Banc of California (BANC)

Underperform
We wouldn’t buy Banc of California. Not only did its demand evaporate but also its negative returns on capital show it destroyed shareholder value. StockStory Analyst Team
Anthony Lee, Lead Equity Analyst
Kayode Omotosho, Equity Analyst

2. Summary

Underperform

Why We Think Banc of California Will Underperform

Originally established in 1941 and now operating with a tech-forward approach that includes its SmartStreet platform for homeowner associations, Banc of California (NYSE:BANC) is a California-based bank holding company that provides banking services to small and middle-market businesses, entrepreneurs, and individuals.

  • Sales were flat over the last five years, indicating it’s failed to expand this cycle
  • Tangible book value per share tumbled by 3.9% annually over the last five years, showing banking sector trends are working against its favor during this cycle
  • Muted 2.4% annual net interest income growth over the last five years shows its demand lagged behind its banking peers
Banc of California lacks the business quality we seek.

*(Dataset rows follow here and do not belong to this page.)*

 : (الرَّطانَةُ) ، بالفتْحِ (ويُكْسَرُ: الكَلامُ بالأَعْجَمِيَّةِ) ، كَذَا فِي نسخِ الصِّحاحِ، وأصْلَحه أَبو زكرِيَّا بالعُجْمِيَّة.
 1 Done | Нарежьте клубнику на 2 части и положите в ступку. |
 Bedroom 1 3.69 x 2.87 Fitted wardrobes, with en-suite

There are better opportunities in the market.
StockStory Analyst Team

Why There Are Better Opportunities Than Banc of California

At $20.35 per share, Banc of California trades at 1x forward P/B. Banc of California’s multiple may seem like a great deal among banking peers, but we think there are valid reasons why it’s this cheap.

It’s better to pay up for high-quality businesses with higher long-term earnings potential rather than to buy lower-quality stocks because they appear cheap. These challenged businesses often don’t re-rate, a phenomenon known as a “value trap”.

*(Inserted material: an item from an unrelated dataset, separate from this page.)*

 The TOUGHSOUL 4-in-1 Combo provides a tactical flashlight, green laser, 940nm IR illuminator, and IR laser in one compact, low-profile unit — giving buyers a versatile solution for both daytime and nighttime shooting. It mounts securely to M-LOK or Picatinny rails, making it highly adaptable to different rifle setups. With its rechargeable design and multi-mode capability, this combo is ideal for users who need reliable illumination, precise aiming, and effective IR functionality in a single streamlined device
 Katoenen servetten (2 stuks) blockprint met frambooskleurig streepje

3. Banc of California (BANC) Research Report: Q4 CY2025 Update

Regional bank Banc of California (NYSE:BANC) announced better-than-expected revenue in Q4 CY2025, with sales up 10.7% year on year to $292.9 million. Its non-GAAP profit of $0.42 per share was 13.7% above analysts’ consensus estimates.

Banc of California (BANC) Q4 CY2025 Highlights:

  • Net Interest Income: $416.9 million vs analyst estimates of $255.9 million (77.2% year-on-year growth, 62.9% beat)
  • Net Interest Margin: 3.2% vs analyst estimates of 3.2% (in line)
  • Revenue: $292.9 million vs analyst estimates of $289.1 million (10.7% year-on-year growth, 1.3% beat)
  • Efficiency Ratio: 59.4% vs analyst estimates of 64.4% (505.5 basis point beat)
  • Adjusted EPS: $0.42 vs analyst estimates of $0.37 (13.7% beat)
  • Tangible Book Value per Share: $17.51 vs analyst estimates of $17.27 (11.2% year-on-year growth, 1.4% beat)
  • Market Capitalization: $3.14 billion

Company Overview

Originally established in 1941 and now operating with a tech-forward approach that includes its SmartStreet platform for homeowner associations, Banc of California (NYSE:BANC) is a California-based bank holding company that provides banking services to small and middle-market businesses, entrepreneurs, and individuals.

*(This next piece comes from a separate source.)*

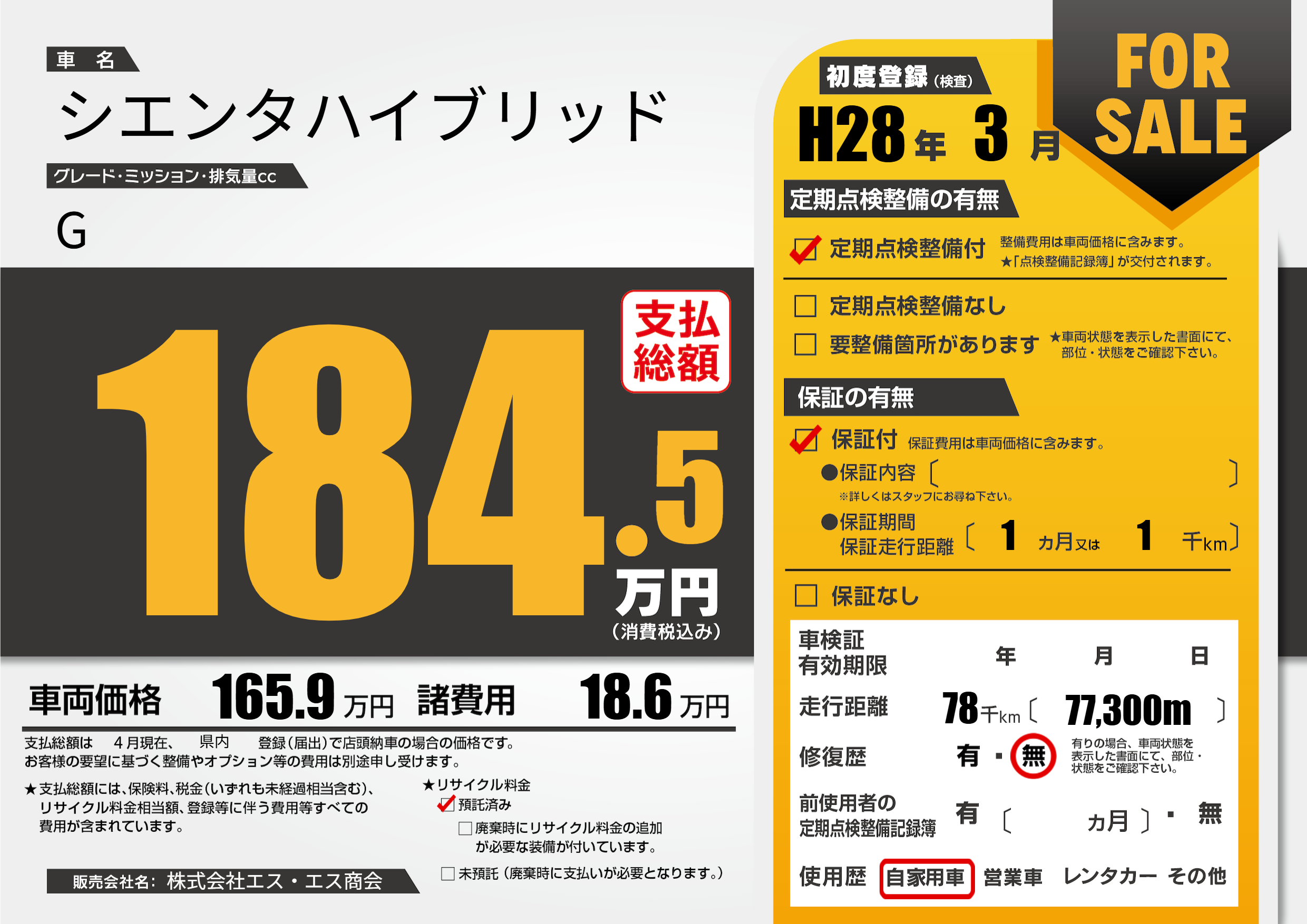 | 車名 | シエンタハイブリッド | グレード ミッション 排気量 |

The bank operates through four business segments: Community Banking, Specialty Banking, Deposit Services, and Payment Solutions. Its Community Banking group serves local businesses and individuals through its branch network, while Specialty Banking focuses on niche markets including homeowner associations, venture capital firms, SBA lending, and equipment finance.

Banc of California offers a comprehensive suite of financial products including checking and savings accounts, certificates of deposit, and treasury management services. On the lending side, it provides commercial real estate loans, construction financing, equipment leasing, and venture capital lending. A business client might use Banc of California for a commercial real estate loan to purchase an office building, while simultaneously setting up treasury management services to optimize cash flow.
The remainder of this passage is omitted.